И ум может быть неумным: «Неумный ум. Не умеют быть добрыми и умными», – замечал Ключевский об умниках. В этом всё дело: дурак, он – добрый. Задача-то в том, чтобы «показать добро как правду» (это слова Соловьева).

Одновременно все они – личины-маски в социальном обиходе, скрывающие то ли истинное качество ума, то ли полное его отсутствие. В любом случае выставлены они в намерении представить дело в ложном свете. Глагол, образованный от имени-понятия, не станет скрывать отношение общества к подобным признакам, а глаголы выразительны.

Дурачить(ся) —прикидываться дурачком, забавляться дурачеством, озорничать – обычно в каком-то поступке, в деле.

Юродствоватьнапускать на себя дурь, прикидываться дурачком, дурить – обычно в мысли, так или иначе выраженной.

Умничать стараться выказать свой ум в рассуждениях или разговорах или поступать по-своему, считая себя умнее других, – это и в слове, и в деле через слово.

И разве не верно, что «русский ум всего ярче сказывается в глупостях»? (Ключевский).

Первые два совершенно недвусмысленно скрывают свой ум, умничает же лишенный чувства юмора, недалекий и самонадеянный педант, упрямец, не желающий считаться с мнением остальных членов общества.

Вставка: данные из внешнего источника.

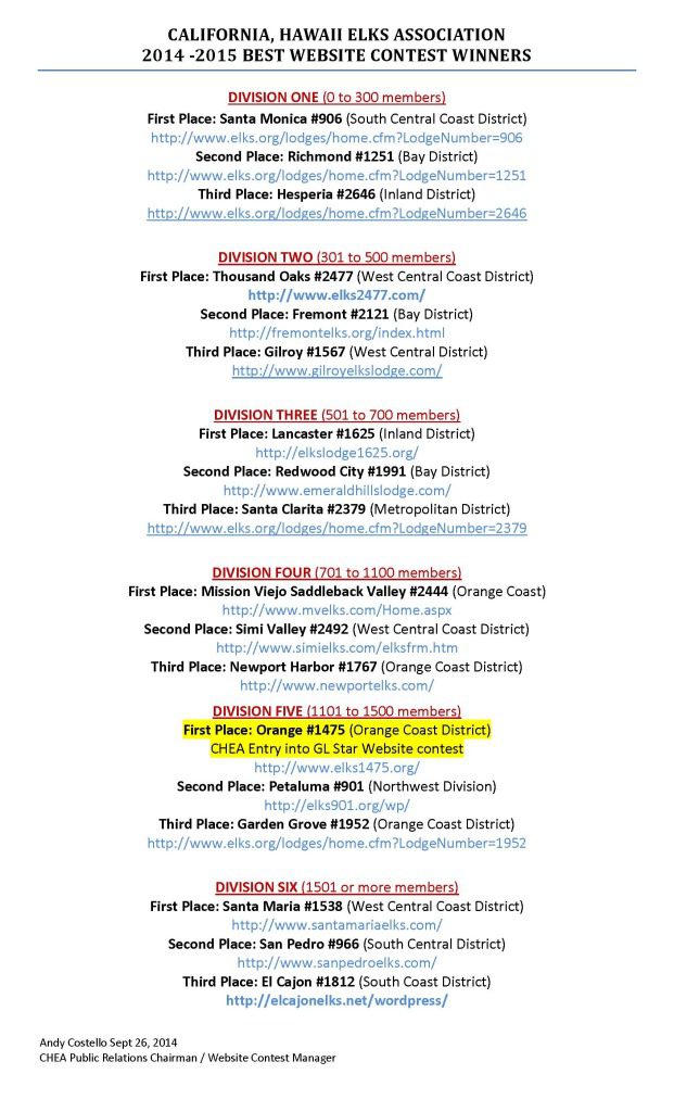 2014-2015 CHEA Best Website Contest Winners Announced California-Hawaii Elks Association Posted on December 11, 2014 by CharisceAugust 15, 2023
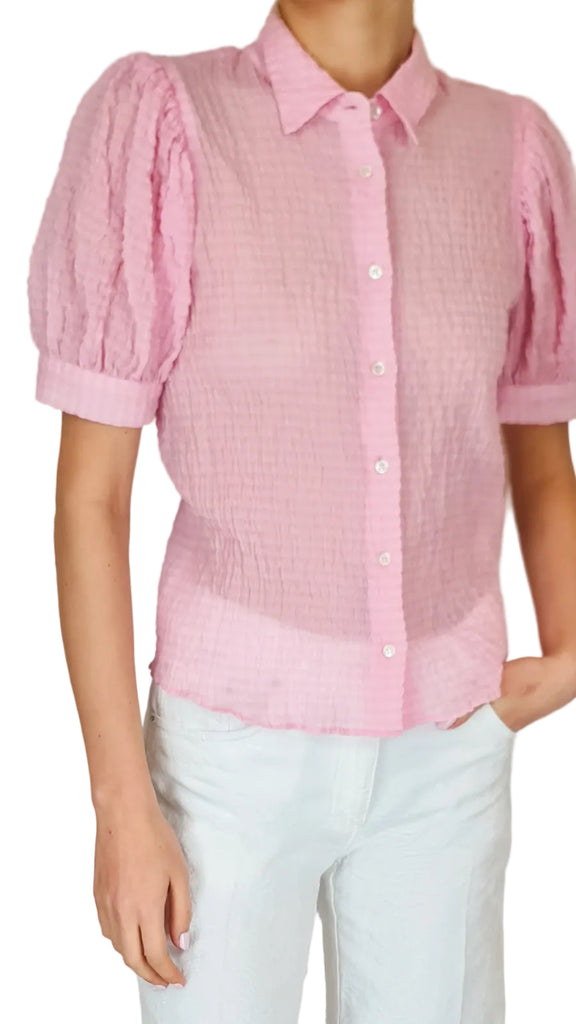 The design is defined by feminine puff sleeves with gathered detailing and a classic pointed collar, while the semi-sheer quality lends an ethereal touch to the structured button-down silhouette. It is an effortless statement piece that perfectly balances vintage-inspired aesthetics with modern luxury.
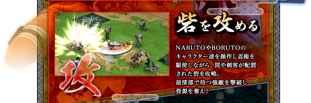 Berdasarkan informasi tersebut, Naruto x Boruto: Borutage merupakan game Fortress action ninja Battle, Pemain akan membangun sebuah benteng dan menyiapkan strategi pertahanan dengan memasang jebakan dan menempatkan Ninja di posisi bertahan.
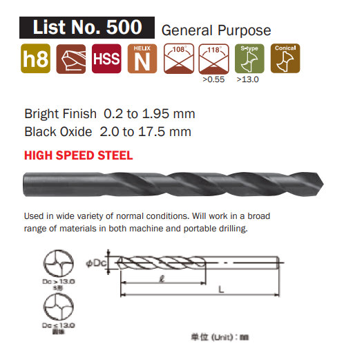 Mũi khoan sắt HSS Nachi List 500 Size 0.22mm
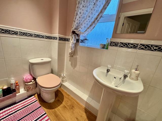 With wash basin and tiled splash back, wood effect ceramic tiled floor, close couple toilet, radiator and extractor fan.
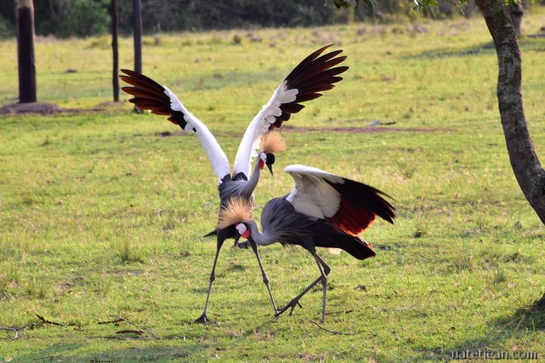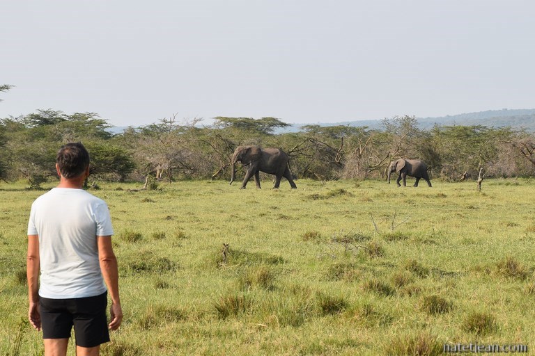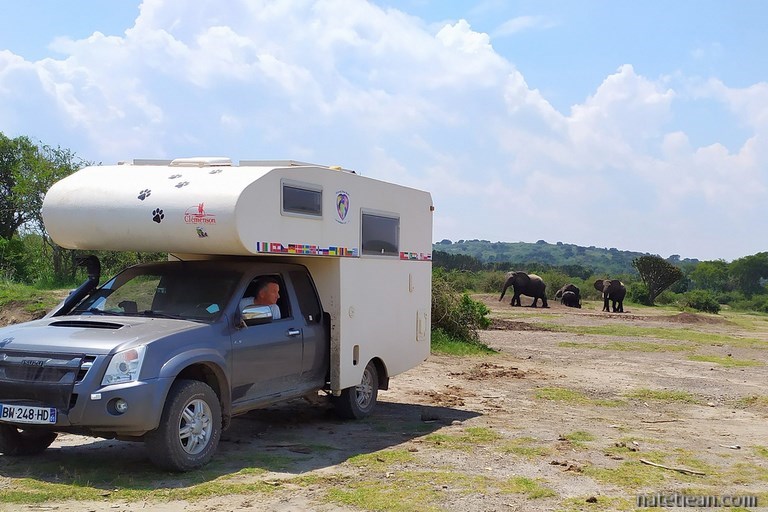 Le parc Queen Elisabeth n'est pas clôturé ce qui explique que l'on voit la faune sauvage partout, même sur la route principale. Au retour vers Katunguru, des éléphants traversent devant notre véhicule et lorsque nous arrivons au camp communautaire de Kisenyi, le Kisenyi Lake Retreat, pour passer la nuit entre Katunguru et Ishasha, d'autres éléphants nous y attendent encore. Dans la nuit, nous entendons le grognement d'un hippo et au petit matin des cobes et des grues gambadent autour de notre véhicule. On se demande bien ce que l'on peut voir de plus dans les réserves du parc !

Именно этот тип осуждается, а дурачество и юродство рассматриваются как своего рода интеллектуальная игра, в символическом пространстве мифа и ритуала позволяющая самому наблюдателю понять и оценить реальные качества лжедурака и квазиюродивого через сокровенные их дела и мысли, не выговоренные в слове или сказанные посредством другого слова. «Наблюдатель» должен участвовать в такой игре, он обязан сам разгадать суть своего собеседника, и притом не через прямое его слово. Средства раскрытия маски-личины разные. Диалог собеседников допускает нейтрализацию в смехе – в случае с дурачеством – или в сочувствии – в случае с юродством. Но и тут и там наблюдателя располагает к себе человек внешне незавидного ума, которого – первое движение чувства – стоит и следует пожалеть.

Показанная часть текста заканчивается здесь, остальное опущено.